Department for Oral, Cranio-Maxillofacial and Facial Plastic Surgery. FORM (Frankfurt Orofacial Regenerative Medicine) Lab, University Hospital Frankfurt Goethe University , Frankfurt am Main, Germany.
Cranio. 2020 Sep;38(5):292-304. doi: 10.1080/08869634.2018.1516183. Epub 2018 Sep 20.
To evaluate the clinical benefits of liquid platelet-rich fibrin (PRF) in patients with temporomandibular joint (TMJ) pain and dysfunction.
Forty-eight TMJs in 37 patients with painful internal derangement (ID) (Wilkes' I-V) were included. Patients were injected with 1.5-2cc of PRF within the superior joint space at 2-week intervals. Pain and subjective dysfunction were recorded using a visual analog scale. Statistical analyses were done using the ANOVA test.

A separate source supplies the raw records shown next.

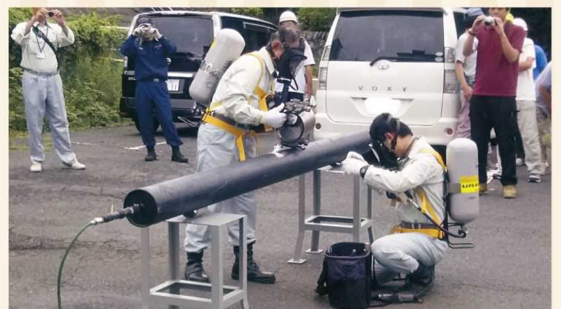
酸素マスクを装着し、修理中。
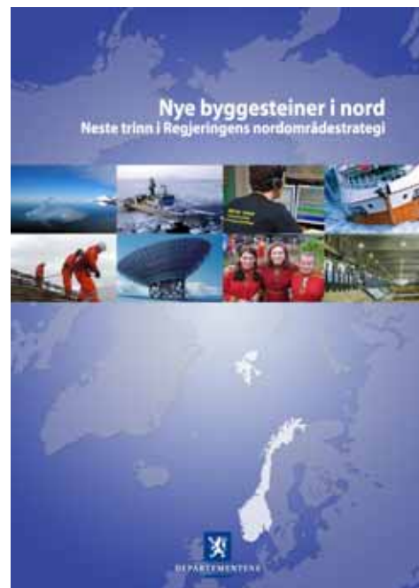
Rapporten "Nye byggesteiner i nord" ble lagt frem i mars 2009

Dette særtrykket er ment å gi en kort status for hvor langt man er kommet på de 7 satsingsområdene i "Nye byggesteiner i nord". Den beskriver kort hvilke tiltak og prosjekter som allerede er gjennomført og hva som gjenstår. Vi håper at brosjyren har funnet en form som også bidrar til å nå ut til enda flere med informasjon om den brede nasjonale satsingen nordområdepolitikken legger opp til.
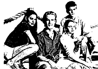
Dawson's Creek Italia 1
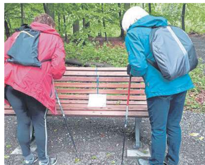
Zwei Spaziergängerinnen lesen eines der Gedichte, die es entlang der Promenaden in Bad Rehburg zu entdecken gibt.

Sie können bei einem Spaziergang genießen, was Novalis, Clemens Brentano, Joseph Freiherr von Eichendorff, Karoline von Günderode und andere den Passanten sagen möchten. „Die blaue Blume ist aber das, was jeder sucht, ohne es selbst zu wissen, nenne man es nun Gott,
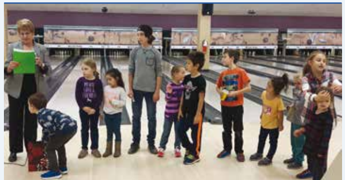
Les petits enfants: le bonheur!
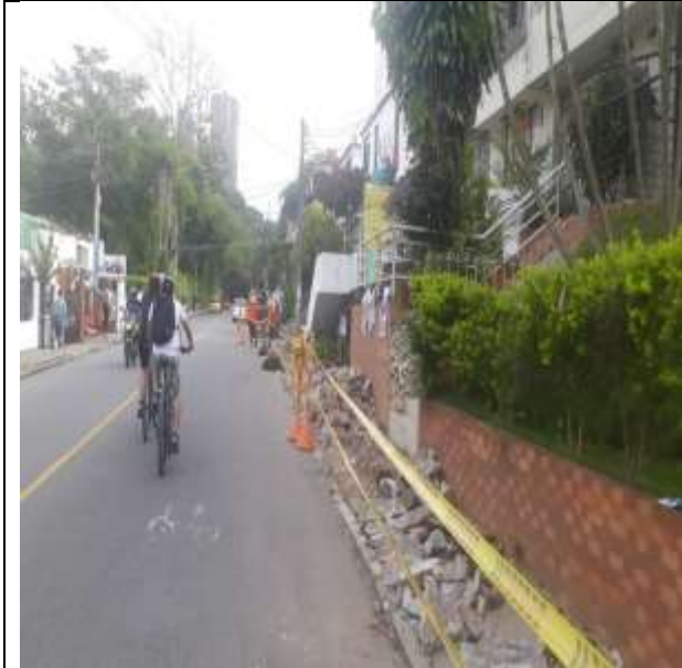
DEMOLICION ANDEN EXISTENTE
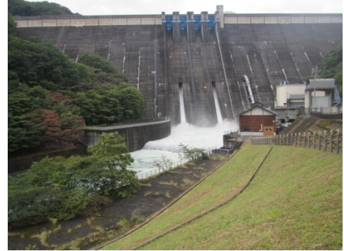
放流中の草木ダム（令和元年10月11日）

Thirty-three of 48 TMJs (69%) showed significant reduction in pain at 8 weeks, and at 3, 6, and 12 months (Responders). Fifteen of 48 TMJs (31%) did not improve (Non-responders). The best Responders to liquid PRF injections were ID stages Wilkes' IV (78.5%) and V (100%), compared to Wilkes' I (0%), II (47%), and III (33%). A non-significant, but notable decrease in dysfunction was found.
Preliminary findings support that liquid PRF exhibits long-term analgesic effects in most patients with painful TMJ ID.
评估液态富血小板纤维蛋白(PRF)对颞下颌关节(TMJ)疼痛和功能障碍患者的临床疗效。
纳入37例患有疼痛性关节内紊乱(ID)(威尔克斯I - V级)患者的48个TMJ。患者每隔2周在上关节间隙注射1.5 - 2cc的PRF。使用视觉模拟量表记录疼痛和主观功能障碍情况。采用方差分析进行统计分析。
48个TMJ中的33个(69%)在8周以及3、6和12个月时疼痛显著减轻(有反应者)。48个TMJ中的15个(31%)未改善(无反应者)。与威尔克斯I级(0%)、II级(47%)和III级(33%)相比,液态PRF注射效果最佳的是威尔克斯IV级(78.5%)和V级(100%)的ID阶段。发现功能障碍虽无显著但有明显下降。
初步研究结果支持液态PRF对大多数患有疼痛性TMJ ID的患者具有长期镇痛作用。